• _WHAT YOU NEED TO DO_: Within the records below, find the line with "Новогодний набор от" and the line with "Fototapet En grön", then reproduce exactly those two lines and all lines between them, without any picture.

• _Records from a collection_:
* * *

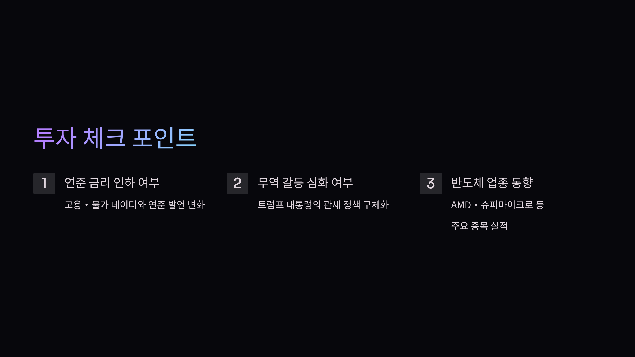 - 반도체 업종: 관세 부과 가능성으로 인해 대형 반도체 종목 중심으로 매도세 확대
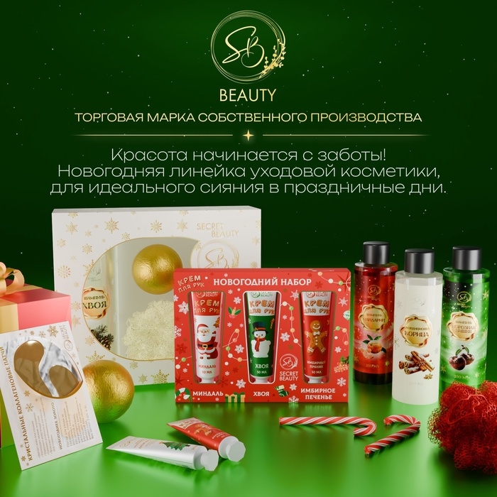 Новогодний набор от торговой марки SB Beauty — это воплощение роскоши и удовольствия, созданный для того, чтобы подарить вам незабываемые моменты ухода за собой. Этот набор станет не только отличным дополнением к вашему праздничному настроению, но и идеальным подарком для близких и друзей.
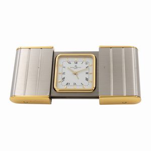 dimensioni 5x3,8 cm. n. 0896 in metallo e metallo dorato, quadrante a scomparsa bianco con numeri romani, datario [..]
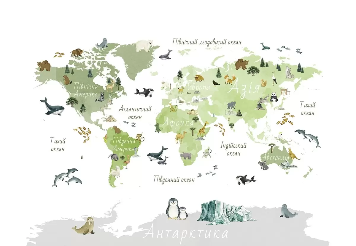 Fototapet En grön karta i akvarellstil med djur, växter och arkitektur. Bildtexter på ukrainska Nr. c00009ukv2
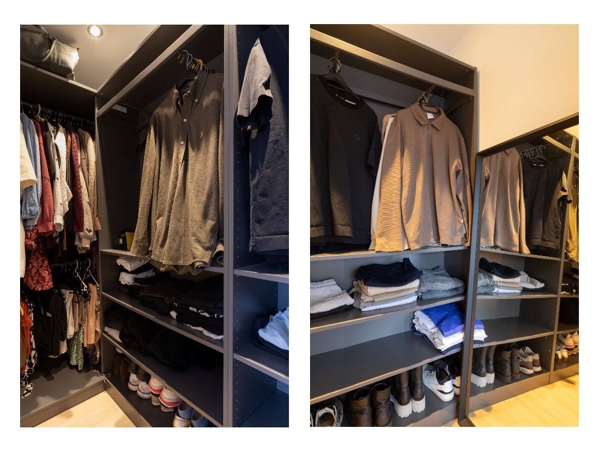 De badkamer is voorzien van een douche, dubbele wastafel en toilet. Daarnaast is er een praktische inloopkast aanwezig.

* * *

• _COMPLETED TASK_:
 Новогодний набор от торговой марки SB Beauty — это воплощение роскоши и удовольствия, созданный для того, чтобы подарить вам незабываемые моменты ухода за собой. Этот набор станет не только отличным дополнением к вашему праздничному настроению, но и идеальным подарком для близких и друзей.
 dimensioni 5x3,8 cm. n. 0896 in metallo e metallo dorato, quadrante a scomparsa bianco con numeri romani, datario [..]
 Fototapet En grön karta i akvarellstil med djur, växter och arkitektur. Bildtexter på ukrainska Nr. c00009ukv2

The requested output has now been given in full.